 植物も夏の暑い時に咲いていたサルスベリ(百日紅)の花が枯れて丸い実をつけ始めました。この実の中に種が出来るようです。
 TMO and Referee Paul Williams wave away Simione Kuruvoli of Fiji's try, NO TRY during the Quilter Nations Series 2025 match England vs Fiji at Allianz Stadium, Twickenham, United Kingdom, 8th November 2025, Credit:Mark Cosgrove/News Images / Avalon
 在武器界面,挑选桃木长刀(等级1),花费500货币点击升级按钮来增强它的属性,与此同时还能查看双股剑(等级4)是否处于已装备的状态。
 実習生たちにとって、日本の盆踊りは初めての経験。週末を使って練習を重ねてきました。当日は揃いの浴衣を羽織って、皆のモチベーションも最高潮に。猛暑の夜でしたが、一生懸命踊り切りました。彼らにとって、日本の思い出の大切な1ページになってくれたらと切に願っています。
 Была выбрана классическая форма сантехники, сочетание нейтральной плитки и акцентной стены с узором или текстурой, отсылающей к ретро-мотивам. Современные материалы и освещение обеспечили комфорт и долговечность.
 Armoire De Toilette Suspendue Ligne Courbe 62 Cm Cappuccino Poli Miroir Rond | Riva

* * *

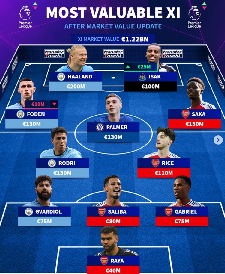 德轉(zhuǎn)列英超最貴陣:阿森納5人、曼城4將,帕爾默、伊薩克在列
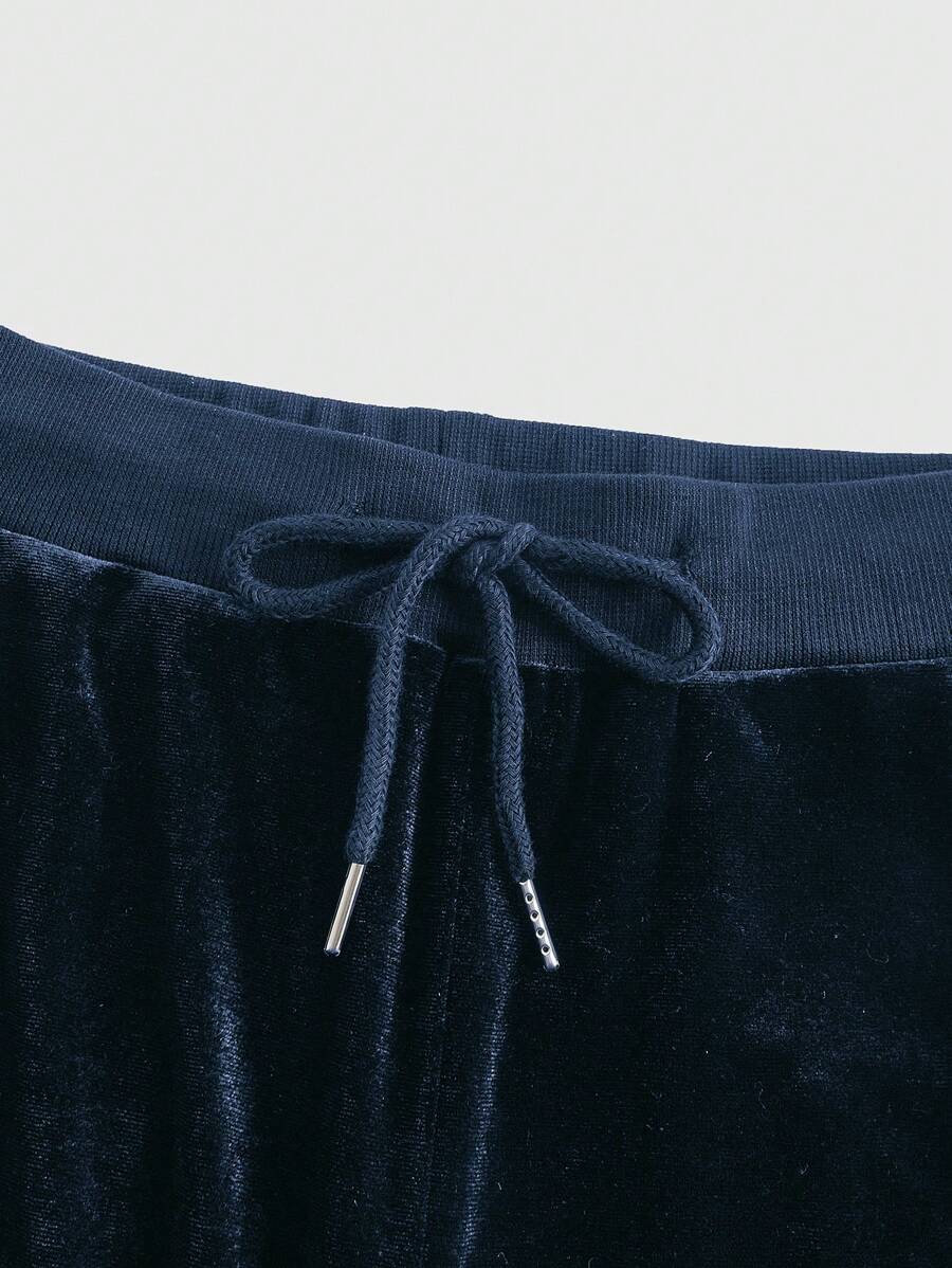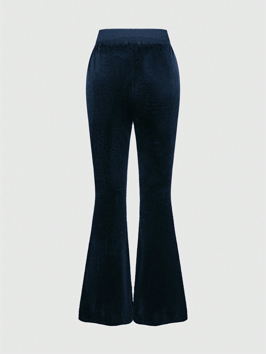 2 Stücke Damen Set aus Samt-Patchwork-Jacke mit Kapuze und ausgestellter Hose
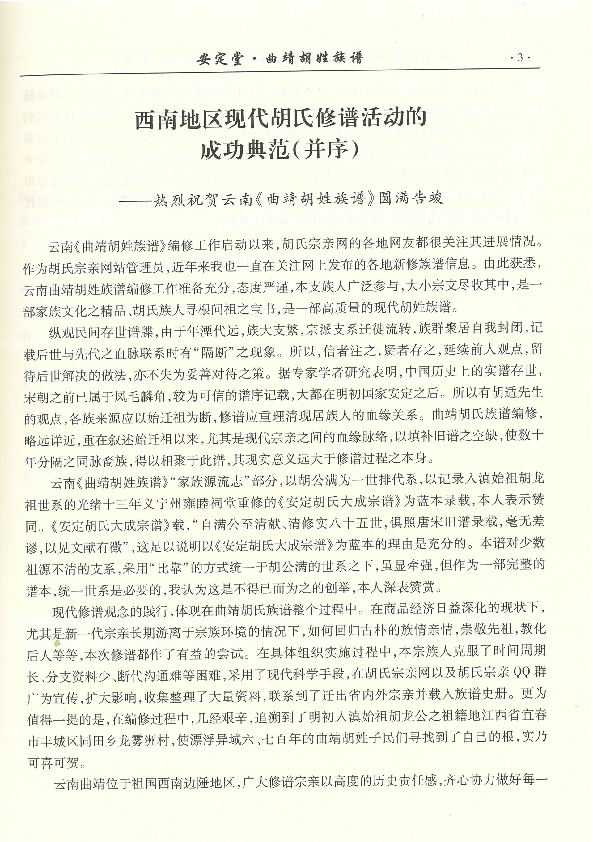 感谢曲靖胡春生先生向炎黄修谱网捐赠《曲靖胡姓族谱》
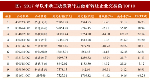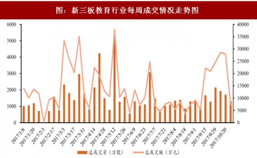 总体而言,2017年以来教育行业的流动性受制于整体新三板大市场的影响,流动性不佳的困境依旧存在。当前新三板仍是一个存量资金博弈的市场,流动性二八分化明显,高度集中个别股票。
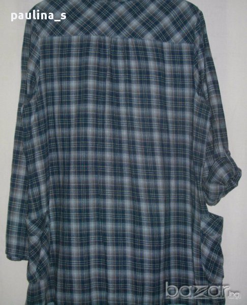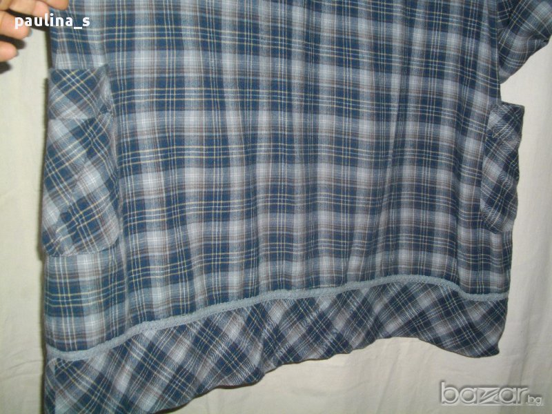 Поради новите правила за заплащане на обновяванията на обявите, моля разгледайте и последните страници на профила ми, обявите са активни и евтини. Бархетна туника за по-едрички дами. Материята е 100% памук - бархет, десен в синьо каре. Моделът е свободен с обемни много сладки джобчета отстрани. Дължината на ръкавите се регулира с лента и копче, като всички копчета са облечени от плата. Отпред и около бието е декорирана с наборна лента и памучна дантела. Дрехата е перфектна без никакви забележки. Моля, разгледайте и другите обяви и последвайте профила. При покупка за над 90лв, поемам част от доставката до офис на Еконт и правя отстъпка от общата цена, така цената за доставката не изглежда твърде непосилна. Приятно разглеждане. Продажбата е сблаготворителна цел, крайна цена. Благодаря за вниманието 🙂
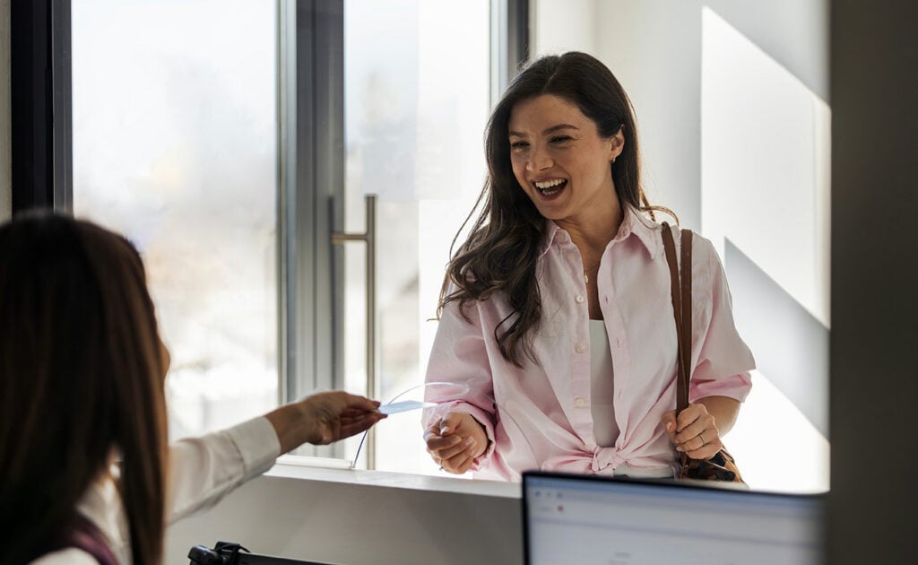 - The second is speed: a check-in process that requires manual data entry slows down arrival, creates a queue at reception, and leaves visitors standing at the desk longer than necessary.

* * *

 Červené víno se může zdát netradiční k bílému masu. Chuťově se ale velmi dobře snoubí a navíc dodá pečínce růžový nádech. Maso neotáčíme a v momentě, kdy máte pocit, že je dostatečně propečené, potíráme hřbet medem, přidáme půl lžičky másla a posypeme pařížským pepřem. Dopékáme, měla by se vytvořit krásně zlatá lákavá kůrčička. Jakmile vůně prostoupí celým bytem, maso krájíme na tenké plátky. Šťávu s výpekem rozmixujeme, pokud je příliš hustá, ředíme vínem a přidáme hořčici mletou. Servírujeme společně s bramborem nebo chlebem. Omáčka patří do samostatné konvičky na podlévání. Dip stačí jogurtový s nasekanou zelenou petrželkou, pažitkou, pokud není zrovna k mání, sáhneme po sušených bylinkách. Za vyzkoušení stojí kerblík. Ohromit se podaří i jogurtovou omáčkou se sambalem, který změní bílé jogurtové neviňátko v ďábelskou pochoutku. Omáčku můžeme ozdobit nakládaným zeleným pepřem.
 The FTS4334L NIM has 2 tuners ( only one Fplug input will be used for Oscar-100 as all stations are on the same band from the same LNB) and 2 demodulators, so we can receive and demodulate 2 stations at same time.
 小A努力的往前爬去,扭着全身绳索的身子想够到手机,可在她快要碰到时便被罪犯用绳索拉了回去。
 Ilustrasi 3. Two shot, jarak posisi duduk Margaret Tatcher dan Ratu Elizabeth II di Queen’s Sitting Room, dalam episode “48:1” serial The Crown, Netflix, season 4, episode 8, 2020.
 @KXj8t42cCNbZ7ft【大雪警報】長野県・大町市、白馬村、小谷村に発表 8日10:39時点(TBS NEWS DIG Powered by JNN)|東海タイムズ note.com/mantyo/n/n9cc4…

Task instructions:
From the line holding "植物も夏の暑い時に咲いていた" to the line holding "Armoire De Toilette", inclusive, restate each line above exactly as written.

Response:
 植物も夏の暑い時に咲いていたサルスベリ(百日紅)の花が枯れて丸い実をつけ始めました。この実の中に種が出来るようです。
 TMO and Referee Paul Williams wave away Simione Kuruvoli of Fiji's try, NO TRY during the Quilter Nations Series 2025 match England vs Fiji at Allianz Stadium, Twickenham, United Kingdom, 8th November 2025, Credit:Mark Cosgrove/News Images / Avalon
 在武器界面,挑选桃木长刀(等级1),花费500货币点击升级按钮来增强它的属性,与此同时还能查看双股剑(等级4)是否处于已装备的状态。
 実習生たちにとって、日本の盆踊りは初めての経験。週末を使って練習を重ねてきました。当日は揃いの浴衣を羽織って、皆のモチベーションも最高潮に。猛暑の夜でしたが、一生懸命踊り切りました。彼らにとって、日本の思い出の大切な1ページになってくれたらと切に願っています。
 Была выбрана классическая форма сантехники, сочетание нейтральной плитки и акцентной стены с узором или текстурой, отсылающей к ретро-мотивам. Современные материалы и освещение обеспечили комфорт и долговечность.
 Armoire De Toilette Suspendue Ligne Courbe 62 Cm Cappuccino Poli Miroir Rond | Riva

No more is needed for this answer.